(Beginning of Provided material)
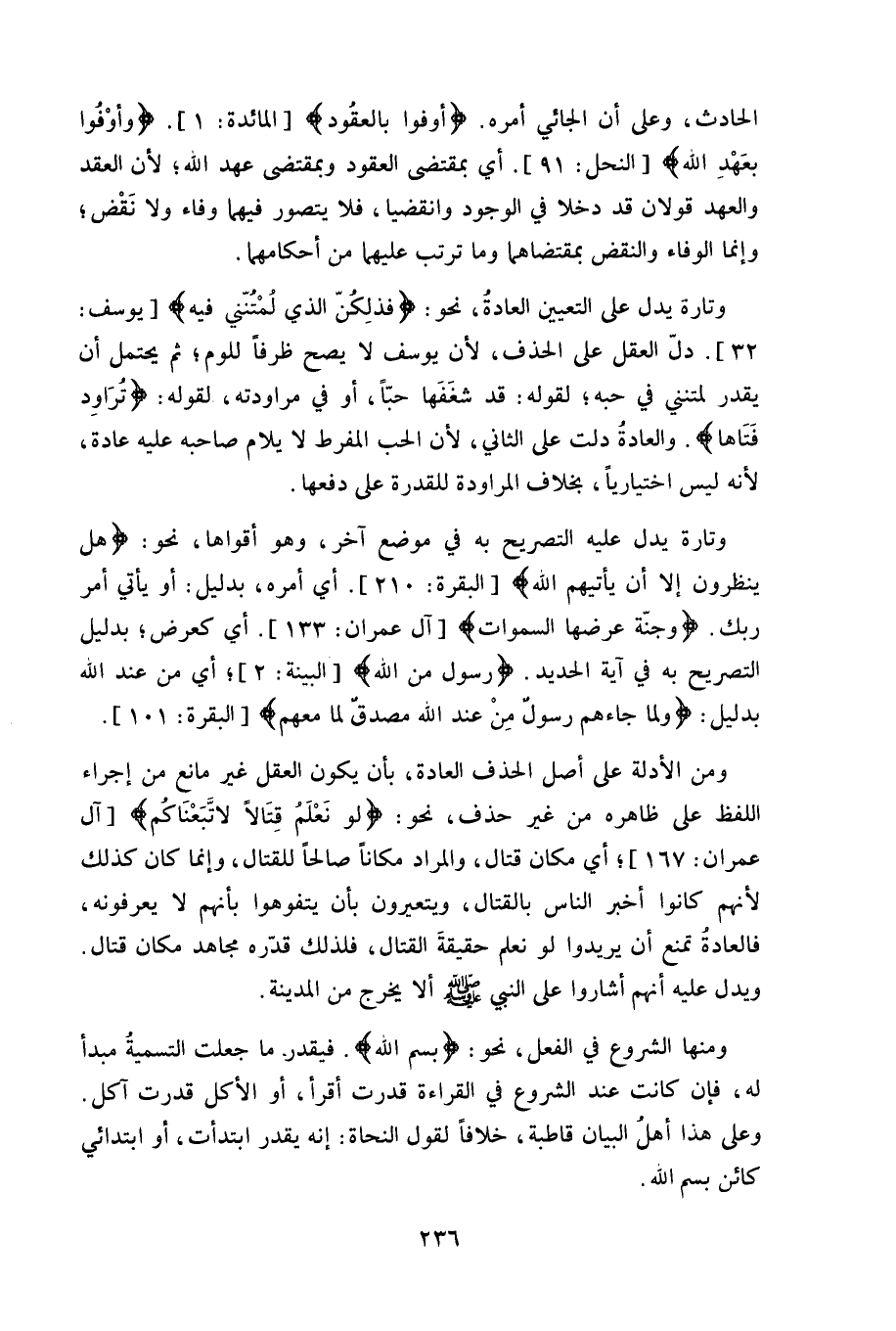 ومن الأدلة على أصل الحذف العادة، بأن يكون العقل غير مانع من إجراء
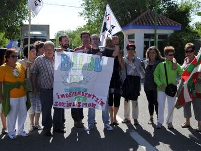 El 'lehendakari' insta a la coalición a dejar clara su postura frente a la banda Ander Errandonea Arruti desplegó una gran pancarta de la coalición electoral Bildu
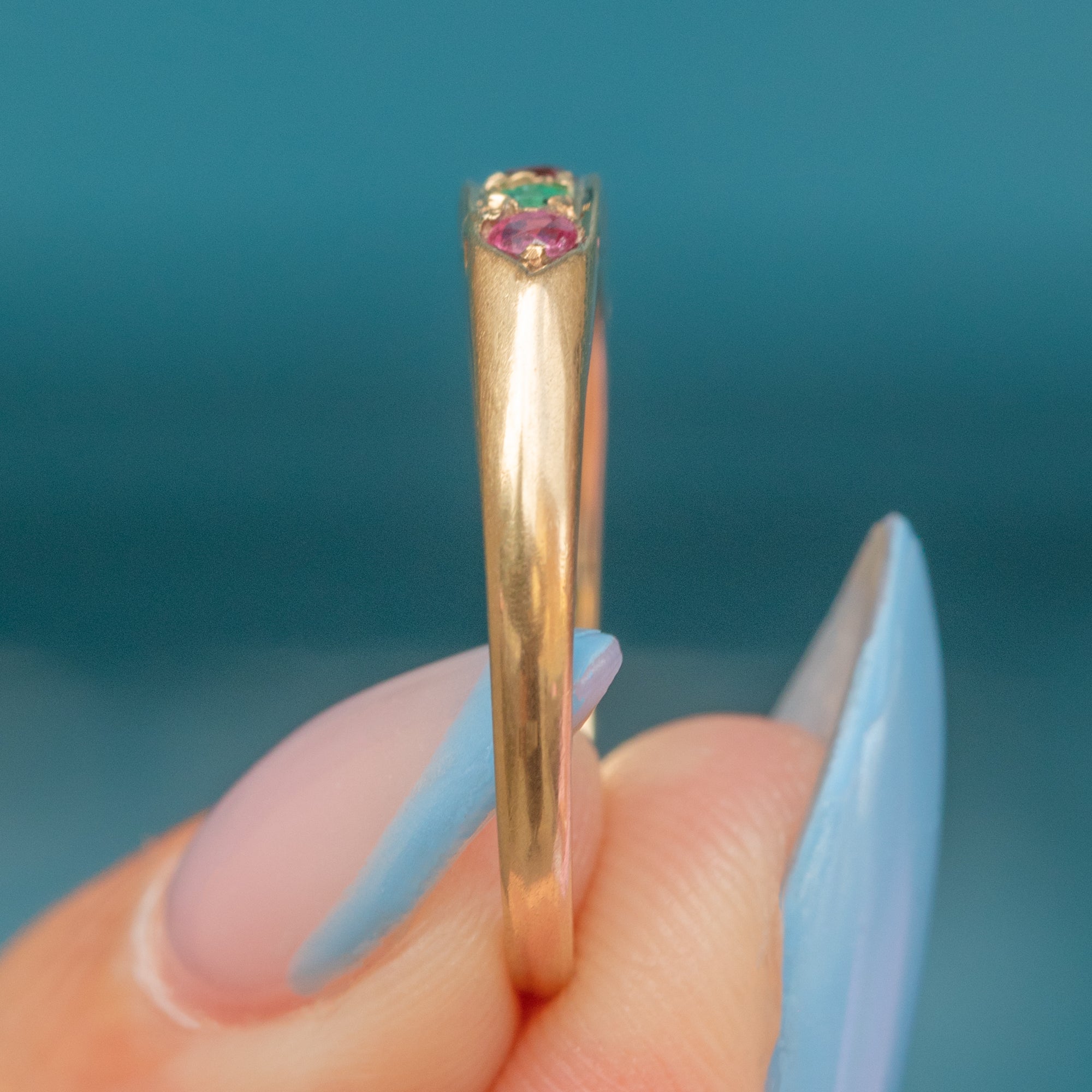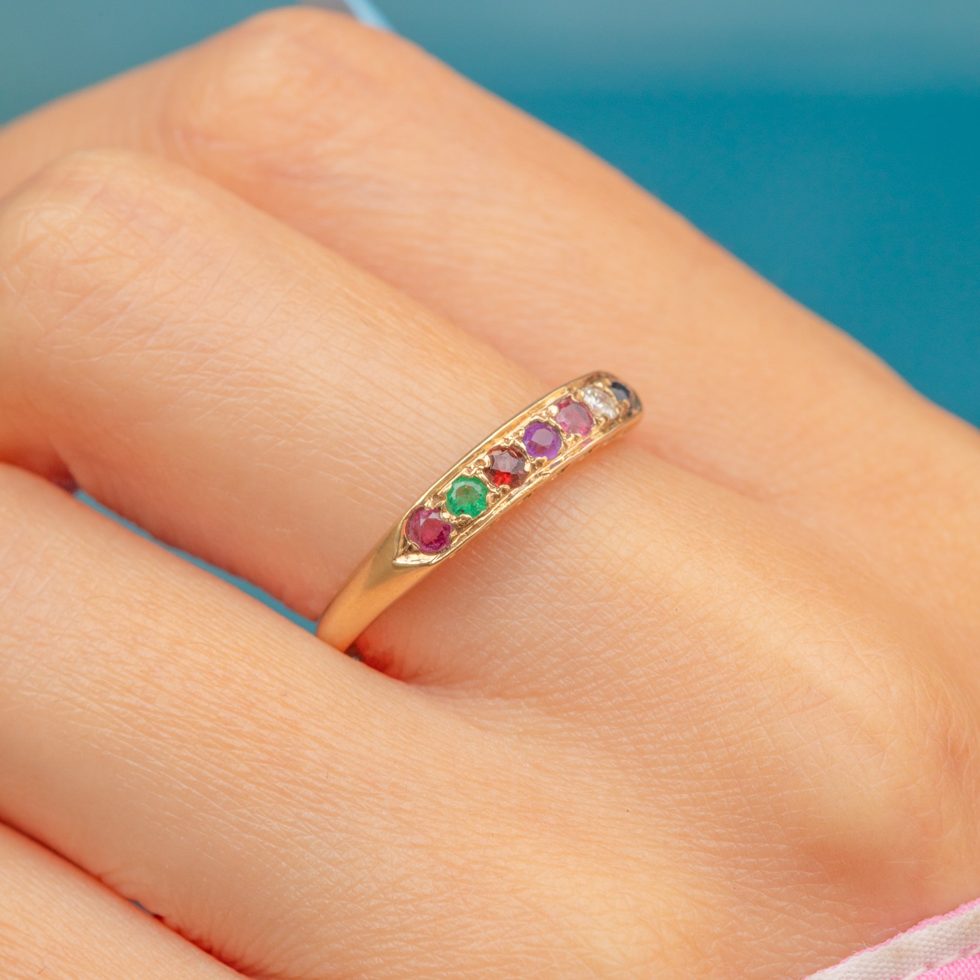 This refined vintage acrostic ring features seven scintillating multi-tonal gemstones, displayed proudly in luxurious 9ct Gold.
(End of Provided material)
*Assignment:*
Only the lines from the one with "El 'lehendakari' insta" to the last line of the listing, inclusive, are to be set down, exactly as they stand and without pictures.

*Written solution:*
 El 'lehendakari' insta a la coalición a dejar clara su postura frente a la banda Ander Errandonea Arruti desplegó una gran pancarta de la coalición electoral Bildu
 This refined vintage acrostic ring features seven scintillating multi-tonal gemstones, displayed proudly in luxurious 9ct Gold.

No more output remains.